Category: London

  • Raining in London

    Hi guys,

    Hope everyone is well and that some rain has come to the land down under. Probably hasn’t actually because it’s been raining monstrously here. It has been a very lukewarm winter though. This week and probably about four other weeks in the entire winter have been cold ie. around zero, otherwise, it’s been around 10 deg which I can’t complain about.

    I have continued to ride my bike bravely throughout the entire Winter. I have yet been saved any side-scrapings by the mad London buses or impervious drivers. Touch lots of wood. I am still in the large Hospital in South London called St George’s but hopefully not for too much longer. It’s with the NHS and for those of you who have had the pleasure of the NHS, the free bit is but a small attraction when the queues and complete rudeness of the customer service becomes so apparent.

    I have been pushed lately to find a way to extend my visa but looks like I have found a way. I thought naively that I would automatically qualify for the highly skilled migrant visa as I fulfilled their new set of criteria, the main one being the gross earnings, but as it turns out, the way my evil limited company setup was taxed worked very much against me so after 5 gruelling months of lawyers and accountants trying to piece together an application for me and after 7 interviews I sat trying to get sponsorship, it looks like one has come through. It looks like I will be working for the BBC and London Fire Brigade in Westminster for a guy over here and he is happy to sponsor me. I have 3 and 1/2 weeks to actually get a visa though so I won’t rest assured until I have that little puppy safe in my hands!
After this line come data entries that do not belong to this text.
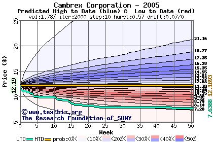 The high to date and low to date prices of the stock plotted against a random walk model for 2005 (what's this?).
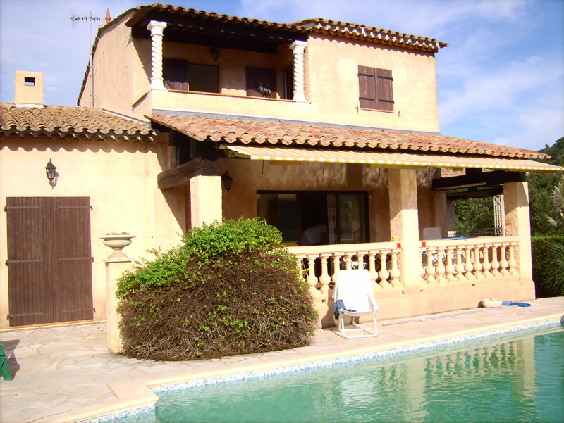 Ein schönes Bild vom Haus in der Sonne: Oben der Balkon zu den beiden Schlafzimmern, unten grenzt der Pool direkt an die Terrasse an
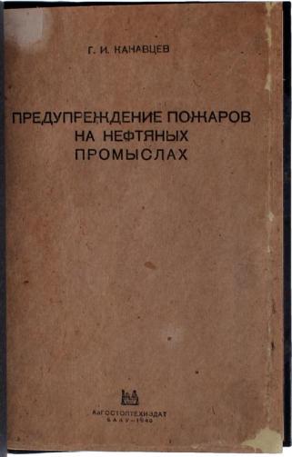 Канавцев Г.И. Предупреждение пожаров на нефтяных промыслах (Антикварная книга 1940г.)
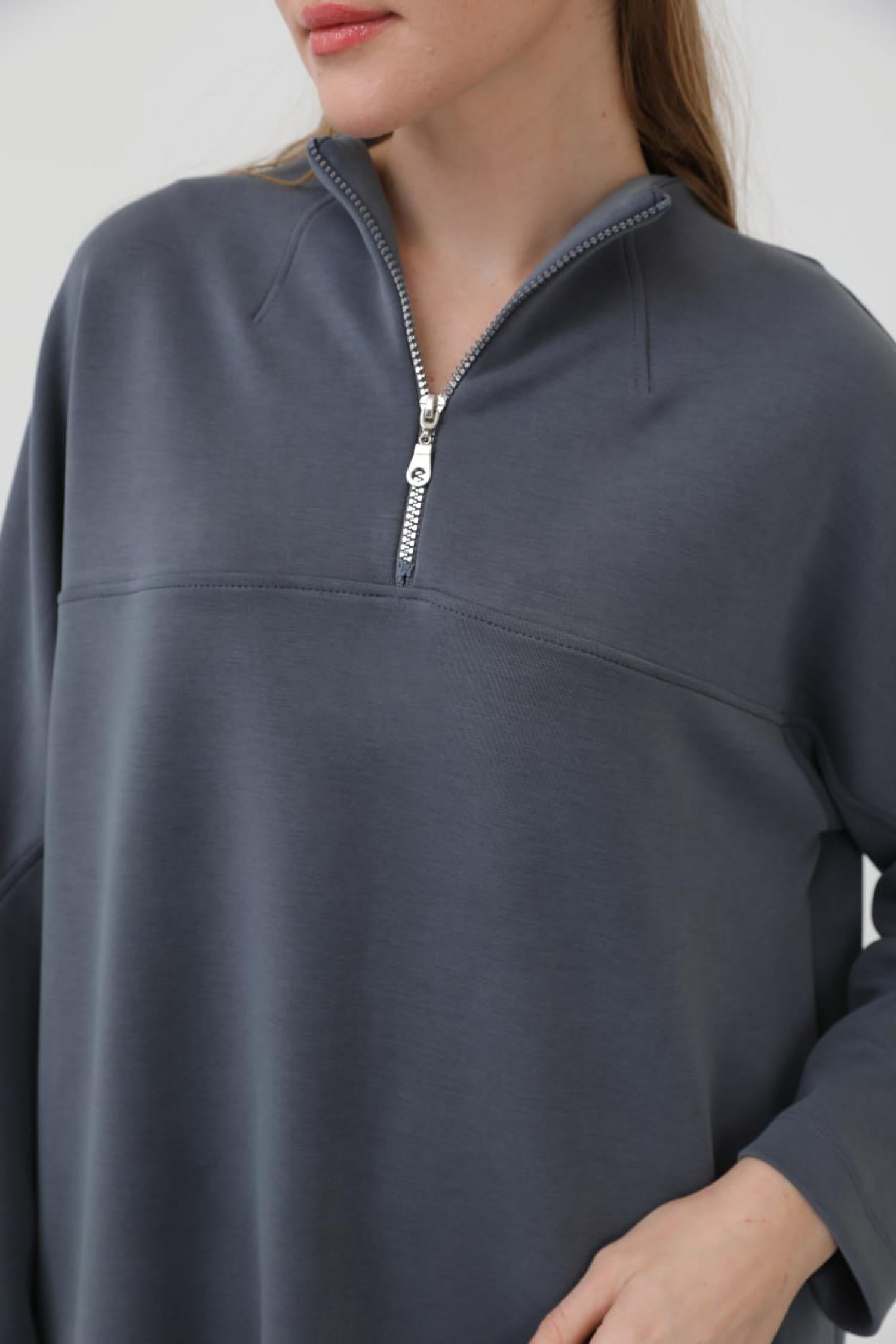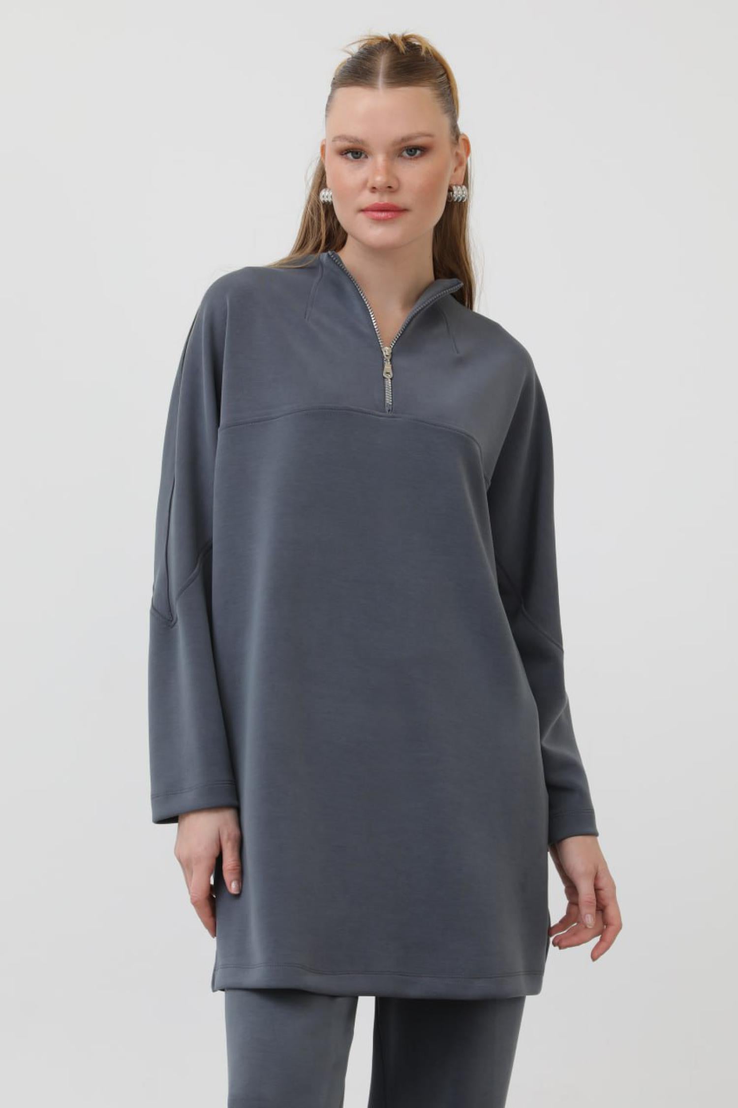 Puane 10611 Kadın Önü Fermuar Detaylı Modal Tunik
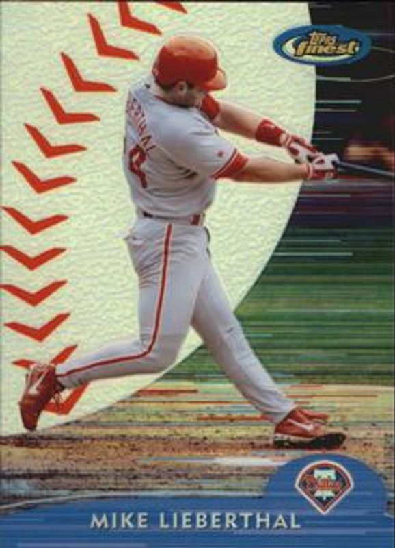 The Mike Lieberthal 2000 Topps Finest #39 Refractor /1000 card is 1 of 3 Mike Lieberthal's card variations in the 2000 Topps Finest set being tracked by Sports Card Investor, including Base, and Gold Refractor /100.
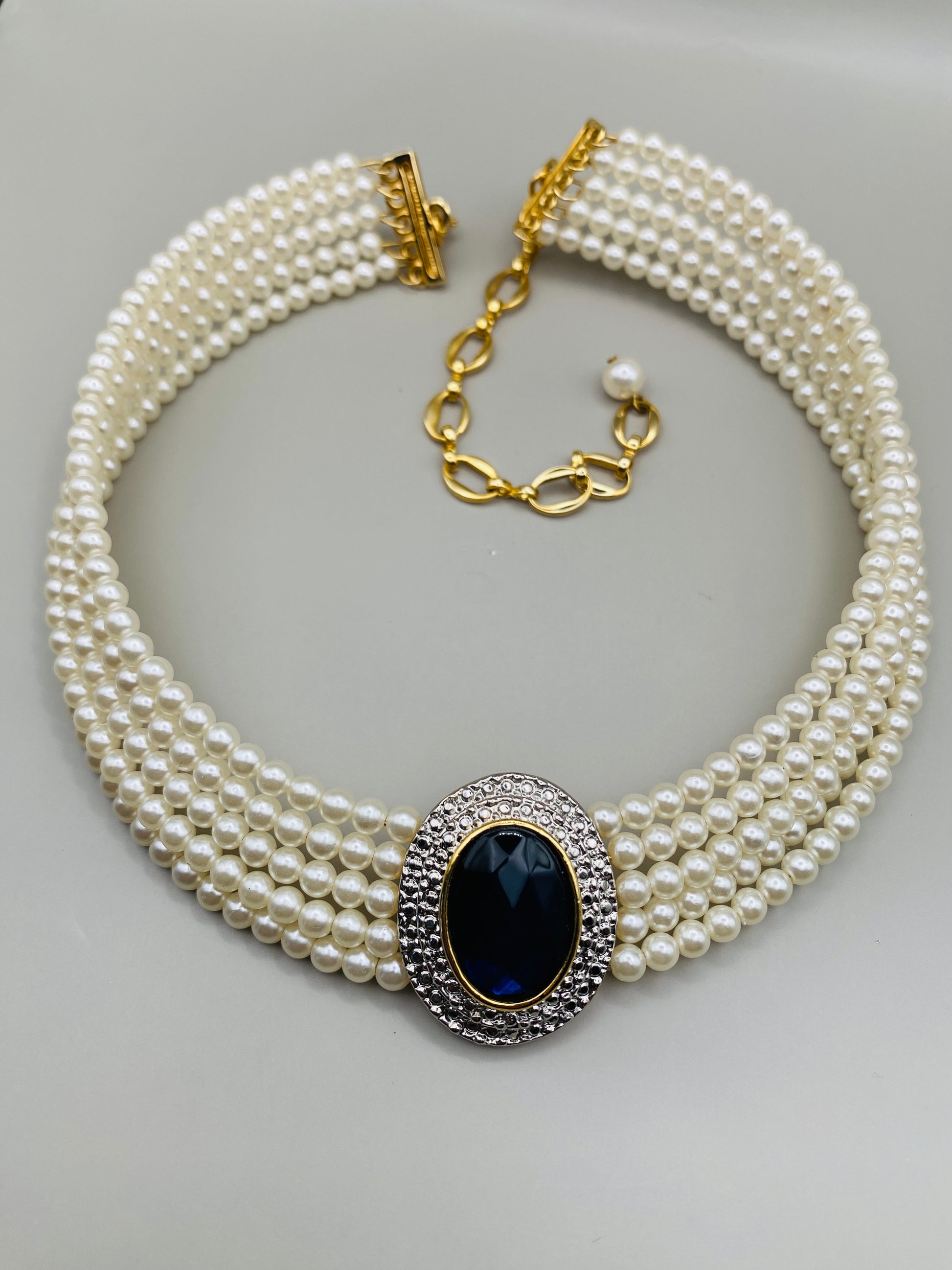 Collier vintage multi-rangs de perles fantaisie en plastique – cabochon bleu nuit
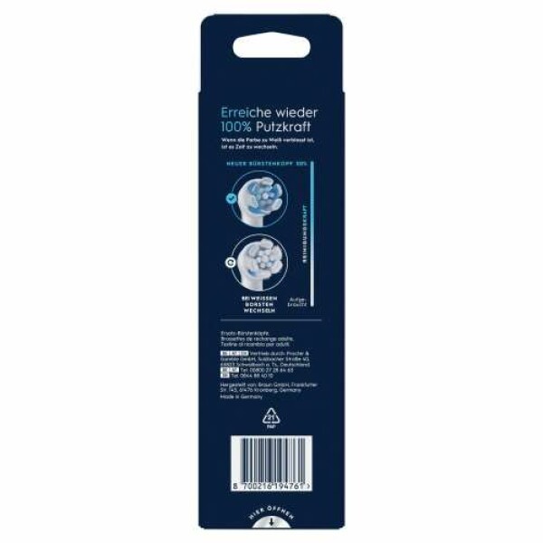 FARBWECHSELNDE BORSTEN: Die Oral-B Aufsteckbürsten verfügen über farbwechselnde Borsten, die signalisieren, wenn der Bürstenkopf gewechselt werden sollte, für maximale Reinigungsleistung
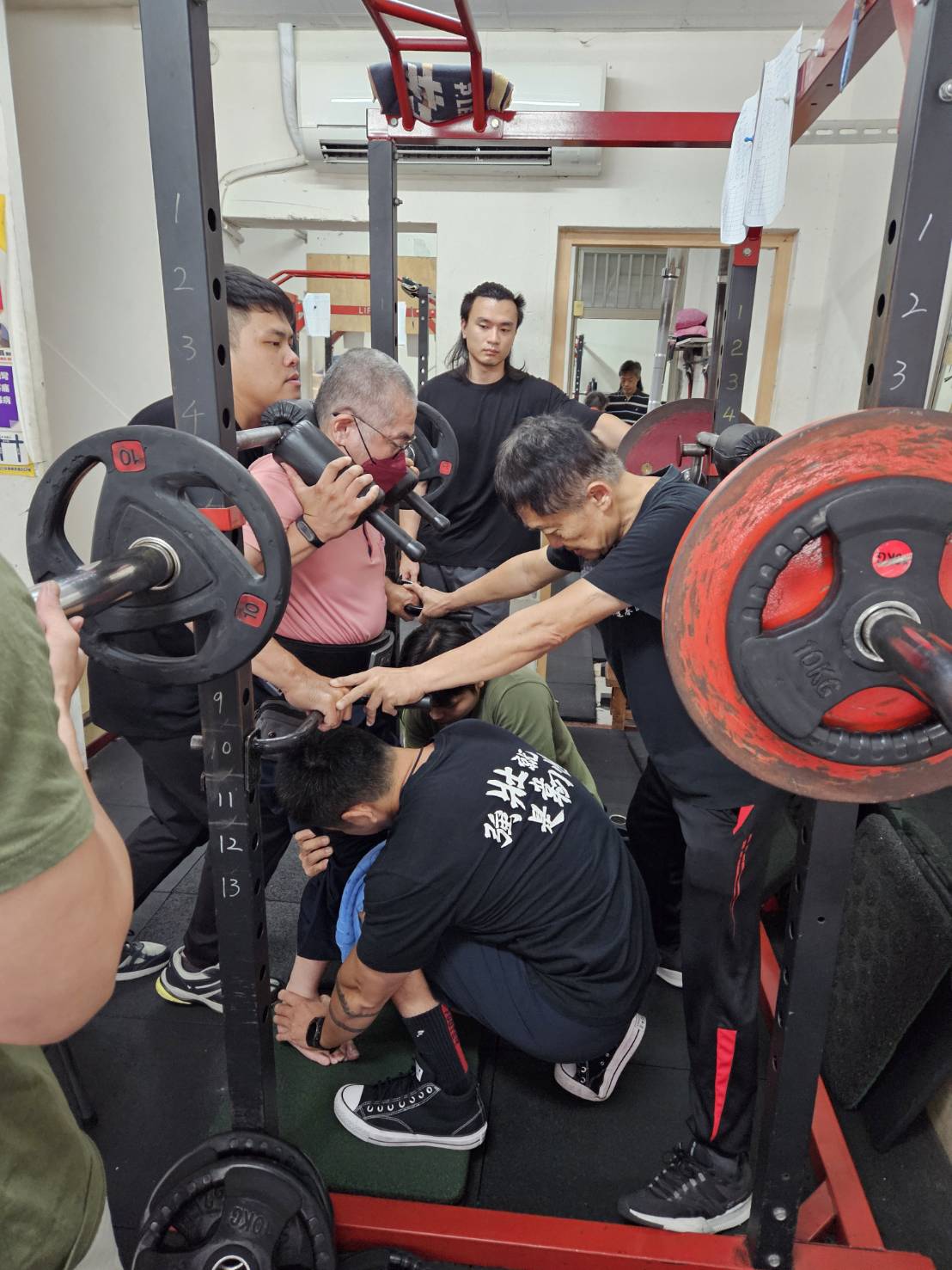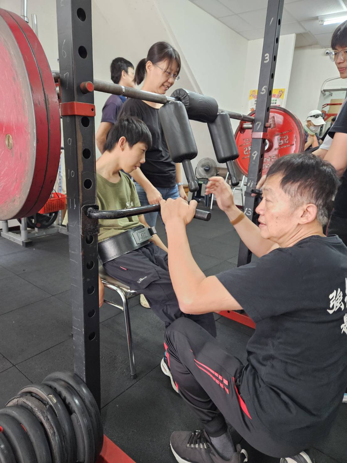 但要如何訓練老弱族群呢?林永昌仔細了解每一項重量訓練之後,選了”直立撐”和”臥推撐”兩種相對安全的動作,並且依照學員各自狀況來分配教練人力,以多人”抬轎”分散重量並緩步向上適應的方式來陪伴老弱族群慢慢鍛練。
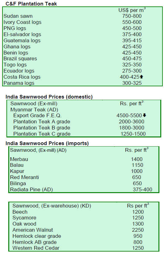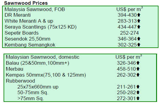 increase in enquiries for sawnwood for the Asian markets
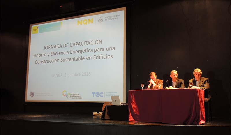 El pasado martes 2 de octubre se realizaron las primeras “Jornadas de capacitación. Ordenanza 13.515 de ahorro y eficiencia energética en la construcción de edificios sustentables” en el auditorio del Museo Nacional de Bellas Artes – Sede Neuquén, coorganizado por la Municipalidad de Neuquén, el Colegio de Técnicos de Neuquén, el Colegio de Arquitectos y el Colegio de Ingenieros de la Provincia.
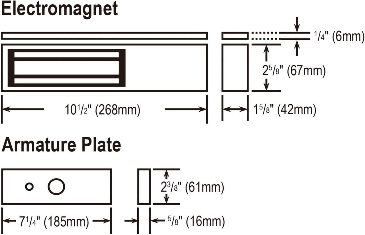 Armature dimensions: 7-1/4" x 2-3/8" x 5/8" (185 x 61 x 16 mm)

    Some of you may have heard I got into Med school at home. I have deferred it and will just sit on it until I feel I can make a decision about whether it’s what I want to do for sure.. Was nice to know that I got an offer though..

    As for London, I am still living with Libbi. We haven’t worn thin of each other yet and looks like Kristy will join us next week. I have been seeing a guy called Andy from Sydney now for four months or so which is also going well. We met (of all places) at The Walkabout in Cardiff. I cannot explain the Walkbout in London but lets suffice to say its an “idyllic Aussie pub” decked out with Aussie beer on tap and green and gold walls and a messy clientele! Not somewhere you expect to meet a boyfriend put it that way!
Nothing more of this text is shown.